The duty of the military authorities in reference to this class of fugitives from labor is that of absolute non-intervention. This follows alike from the prohibition to surrender the fugitives and from the prohibition to decide on the validity of the claim made to his service. As the military cannot primarily exert any power in behalf of the claimant, neither can it be done in a secondary or subordinate capacity as a posse comitatus to the civil authorities or otherwise. If therefore a loyal claimant or his agent, acting in person or through a civil officer, shall attempt to arrest one of these fugitives from labor in the presence of the military authorities he must do so on his own responsibility and cannot claim from such authorities, nor can they extend to him any support or protection whatever. It is believed that these suggestions meet all the points presented by the letter of Major-General Schofield.
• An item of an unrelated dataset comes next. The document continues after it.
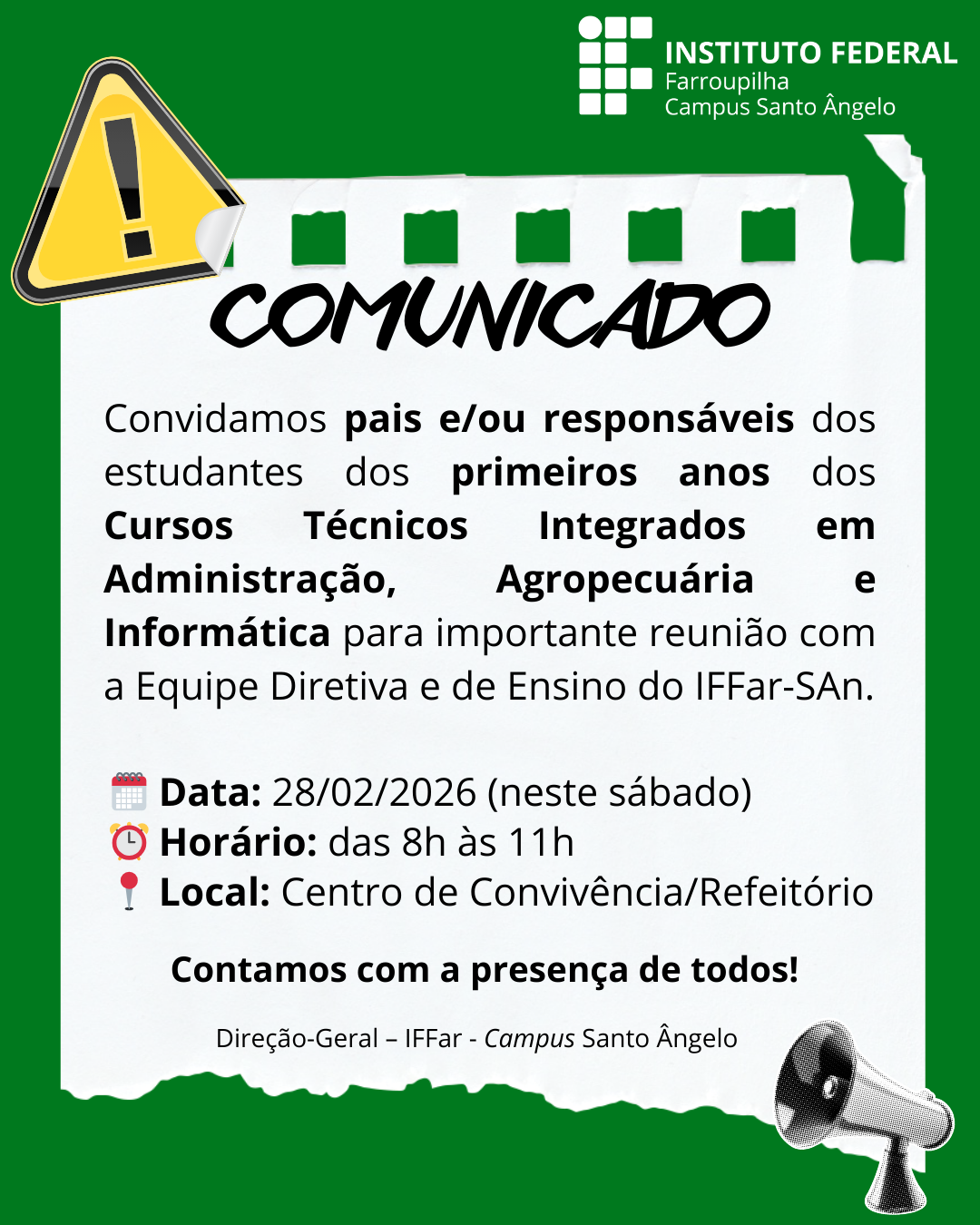 Convidamos pais e/ou responsáveis dos estudantes dos primeiros anos dos Cursos Técnicos Integrados em Administração, Agropecuária e Informática para uma importante reunião com a Equipe Diretiva e de Ensino do IFFar-SAn.

Very respectfully, your obedient servant,
J. HOLT,
Judge-Advocate-General.
WASHINGTON, D. C., August 17, 1863.
His Excellency ABRAHAM LINCOLN,
President of the United States:
HONORED SIR: On the 12th instant I was at the Executive Mansion with a petition to Your Excellency from citizens of Maine residing in this city in behalf of General Neal Dow, of Portland, in our State. On account of the great delay I found inevitable in reaching your presence to discharge my duty and the pressing nature of my official duties I sent the proper to Your Excellency by your messenger instead of presenting it in person. My official engagements still forbid the expenditure of the time I find requisite to secure a personal interview. I write this therefore to say in a few words what I am charged with saying to you in this case by my fellow-citizens.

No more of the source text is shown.